* _Material provided_
[Start of Attachment]
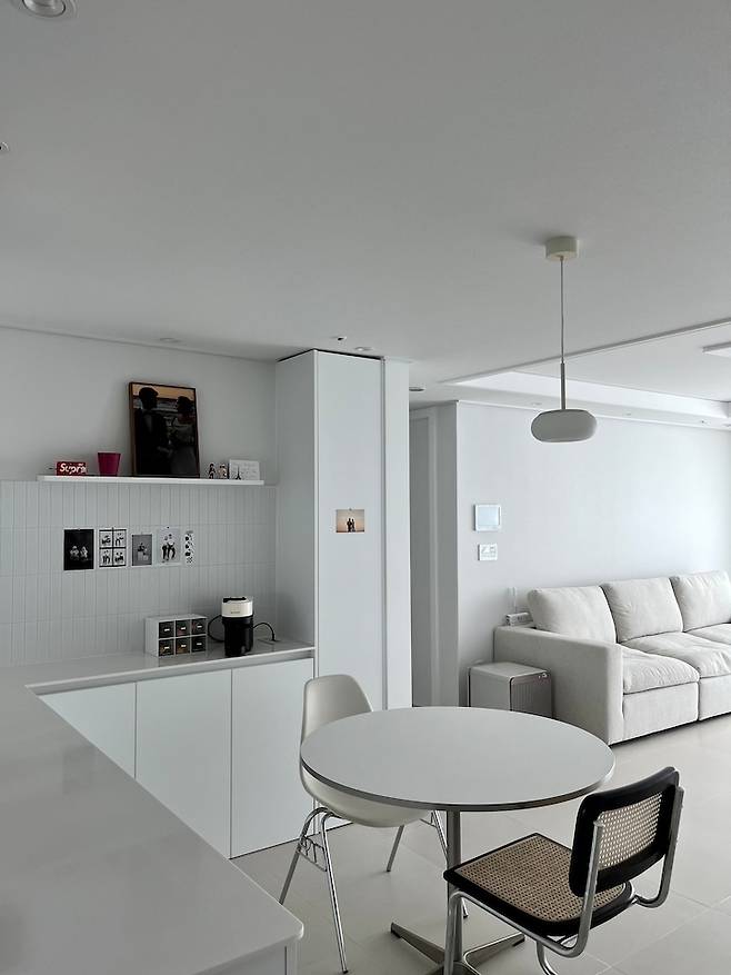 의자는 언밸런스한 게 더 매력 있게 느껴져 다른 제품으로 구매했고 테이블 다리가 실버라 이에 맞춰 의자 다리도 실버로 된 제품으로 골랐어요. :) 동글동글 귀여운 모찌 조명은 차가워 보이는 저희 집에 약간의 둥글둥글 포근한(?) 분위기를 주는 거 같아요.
[End of Attachment]
[Start of Attachment]
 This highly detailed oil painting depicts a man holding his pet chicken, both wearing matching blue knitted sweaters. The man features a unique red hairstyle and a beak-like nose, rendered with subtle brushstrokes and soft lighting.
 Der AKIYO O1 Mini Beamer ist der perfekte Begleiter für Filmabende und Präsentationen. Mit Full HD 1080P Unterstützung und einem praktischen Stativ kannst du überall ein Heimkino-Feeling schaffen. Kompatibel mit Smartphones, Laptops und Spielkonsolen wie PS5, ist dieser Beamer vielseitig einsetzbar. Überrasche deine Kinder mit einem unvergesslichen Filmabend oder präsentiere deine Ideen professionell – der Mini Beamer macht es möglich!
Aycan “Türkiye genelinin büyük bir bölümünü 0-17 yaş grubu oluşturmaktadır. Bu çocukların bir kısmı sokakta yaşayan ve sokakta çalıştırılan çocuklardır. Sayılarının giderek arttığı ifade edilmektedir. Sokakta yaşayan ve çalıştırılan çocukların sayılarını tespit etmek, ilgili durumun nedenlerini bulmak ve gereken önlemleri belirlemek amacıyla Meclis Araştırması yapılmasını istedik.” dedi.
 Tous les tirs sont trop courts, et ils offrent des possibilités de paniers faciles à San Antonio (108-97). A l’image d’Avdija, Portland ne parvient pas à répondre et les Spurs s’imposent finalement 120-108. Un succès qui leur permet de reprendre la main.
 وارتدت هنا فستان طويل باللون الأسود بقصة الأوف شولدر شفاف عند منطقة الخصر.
[End of Attachment]
* _Task instructions_
Among the entries above, the lines between the ones containing "This highly detailed" and "genelinin büyük bir", inclusive, are to be transcribed exactly. No other line is to be given.

* _Solution to this task_
 This highly detailed oil painting depicts a man holding his pet chicken, both wearing matching blue knitted sweaters. The man features a unique red hairstyle and a beak-like nose, rendered with subtle brushstrokes and soft lighting.
 Der AKIYO O1 Mini Beamer ist der perfekte Begleiter für Filmabende und Präsentationen. Mit Full HD 1080P Unterstützung und einem praktischen Stativ kannst du überall ein Heimkino-Feeling schaffen. Kompatibel mit Smartphones, Laptops und Spielkonsolen wie PS5, ist dieser Beamer vielseitig einsetzbar. Überrasche deine Kinder mit einem unvergesslichen Filmabend oder präsentiere deine Ideen professionell – der Mini Beamer macht es möglich!
Aycan “Türkiye genelinin büyük bir bölümünü 0-17 yaş grubu oluşturmaktadır. Bu çocukların bir kısmı sokakta yaşayan ve sokakta çalıştırılan çocuklardır. Sayılarının giderek arttığı ifade edilmektedir. Sokakta yaşayan ve çalıştırılan çocukların sayılarını tespit etmek, ilgili durumun nedenlerini bulmak ve gereken önlemleri belirlemek amacıyla Meclis Araştırması yapılmasını istedik.” dedi.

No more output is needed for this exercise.